Studies on hydrodynamics of an internal-loop airlift reactor in gas entrainment regime by particle image analyzer

Experiments conducted quantify the hydrodynamic characteristics of a two-dimensional (2D) internal-loop airlift reactor in a gas entrainment regime, which is divided into two sub-regimes differentiated by re-circulating bubbles back to the riser (i.e., Regimes I and II). Both flow visualization and full-field measurements using particle image analyzer (PIA) have been performed. Contours for instantaneous vorticity, averaged velocity, and Reynolds stresses are obtained and discussed in relation to measurable coherent structures present in the flow. In Regime I, the riser comprises four coherent structures, including the descending, vortical, fast bubble and central plume flows.

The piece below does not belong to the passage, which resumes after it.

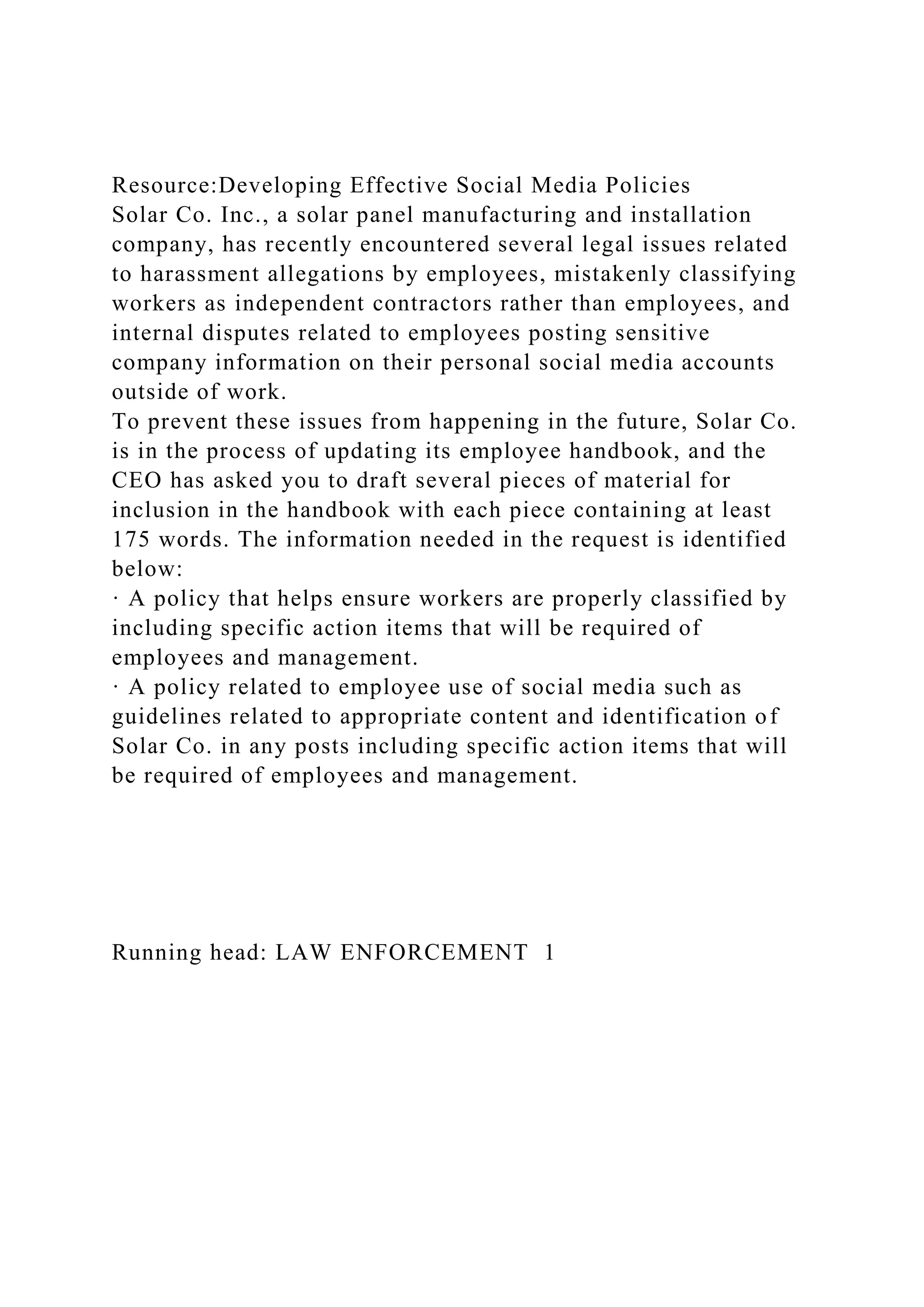 Solar Co. Inc. is updating its employee handbook to address recent legal issues including employee harassment, misclassification of workers, and misuse of social media. New policies will ensure proper classification of workers and establish guidelines for employee social media use to protect sensitive company information. The handbook will contain actionable items for both employees and management to prevent future incidents.

Due to reducing the local density by trapping small bubbles in the vortical flow along with recycling a small portion of liquid back to the riser, the flow conditions exhibit a weaker vortical flow, less significant changes in both normal and shear stresses, and the inversion point shifts to a location 90% diameter of the riser. For Regime II, the central fast bubble flow results in a parabolic profile of the vertical velocity with a maximal value at center and an inverse point at 70% diameter of the riser. The maximal values of the normal stresses, 〈U′U′〉 and 〈V′V′〉, are located at the centre of the riser and are induced by the swing of the fast bubble flow and close to the sidewall provoked by the vertical fluctuation of the vortical flow, respectively.